[Email, too, lest we forget, as all the coverage seems to.]
Gosh, I remember how, back in December, when we got this story right long before the SCLM, the idea that the Republicans would want to listen to everyone was just a paranoid fantasy. Well, as usual with Bush, it's bad beyond our worst imaginings. From non-Beltway USA Today:
The National Security Agency has been secretly collecting the phone call records of tens of millions of Americans, using data provided by AT&T, Verizon and BellSouth, people with direct knowledge of the arrangement told USA TODAY.
Ah. The merger of corporate and governmental functions, as under fascism. (Note below that you can reward good behavior by switching to Qwest, who didn't participate in the program latest Republican assault on our rights as free citizens.)
The agency's goal is "to create a database of every call ever made" within the nation's borders, this person added.
Well, look. I'm sure the Republicans would never use this database for political purposes, let alone ratfucking. Or end up privatizing the data and selling it to cable weasels and mortgage companies for phone scams. Or collection agencies under that nice new Bankruptcy Bill.
Move along people, move along! There's no story here!
And especially there's no story that Michael Hayden, the nice and not-at-all angry or hateful man who Bush nominated to head the CIA, ran this program:
Air Force Gen. Michael Hayden, nominated Monday by President Bush to become the director of the CIA, headed the NSA from March 1999 to April 2005. I
And, of course, Bush lied about the program. Now that's no story, but here it is:
In defending the previously disclosed program, Bush insisted that the NSA was focused exclusively on international calls. "In other words," Bush explained, "one end of the communication must be outside the United States."
You learn something new every day, don't you? I didn't know that "every call ever made" had "one end outside the United States"! And I didn't know that "explain" and "lie" were synonyms! But then, I didn't go to journalism school...
As a result, domestic call records — those of calls that originate and terminate within U.S. borders — were believed [by some] to be private.
Nice use of the passive voice there, what?

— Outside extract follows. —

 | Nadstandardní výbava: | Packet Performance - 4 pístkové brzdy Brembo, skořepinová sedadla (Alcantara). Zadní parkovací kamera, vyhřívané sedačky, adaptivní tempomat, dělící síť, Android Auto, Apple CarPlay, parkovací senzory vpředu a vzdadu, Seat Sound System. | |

And what are they using our call records for? Again, we got this one right too, back in December:
This kind of data collection from phone companies is not uncommon; it's been done before, though never on this large a scale, the official said. The data are used for "social network analysis," the official said, meaning to study how terrorist networks contact each other and how they are tied together.
Right, "terrorists." Except that the Republicans say and believe that Democrats are terrorists, right?

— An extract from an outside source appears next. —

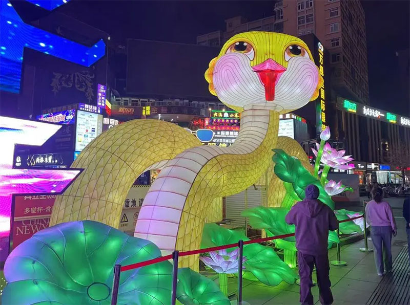 但最早出圈的是云南昆明的這條蛇形花燈。花燈蛇蛇身細長,通體金黃,周圍布滿綠葉與荷花,蛇頭圓潤飽滿,臉部腮紅鮮艷配上卡姿蘭大眼睛,正吐著紅色的信子。獨特的造型,引起了網友踴躍評論:“它是吃了涼拌見手青嗎?”“太抽象了,很難評”“我很少用‘鬼迷日眼’形容一條蛇!”。

Tip to those Democratic Beltway Consultants: If you don't recommend to your clients that they scramble their telephone calls and encrypt all their mail, your clients should sue you for lack of due diligence.
Tip to the Democratic clients of Beltway Consultants: If your consulant doesn't recommend ways for your to protect yourself against NSA snooping, ask them if they're already being blackmailed.
There's also the confusion typical of this story in the press from Day One:
They're confusing e-mail data with voice data:
The NSA's domestic program, as described by sources, is far more expansive than what the White House has acknowledged. Last year, Bush said he had authorized the NSA to eavesdrop — without warrants — on international calls and international e-mails of people suspected of having links to terrorists when one party to the communication is in the USA. Warrants have also not been used in the NSA's efforts to create a national call database.
All these stories are always careful to say voice and email when describing the nature of the program, but always veer off into describing voice only.
But I care a lot more about email, than voice. Why? Because I do my Democratic politics digitally, in email, not by voice. And given what we know about the Bush administration's behavior so far... Well, what do you think?
P.S. Reward good behavior:
Among the big telecommunications companies, only Qwest has refused to help the NSA, the sources said. According to multiple sources, Qwest declined to participate because it was uneasy about the legal implications of handing over customer information to the government without warrants.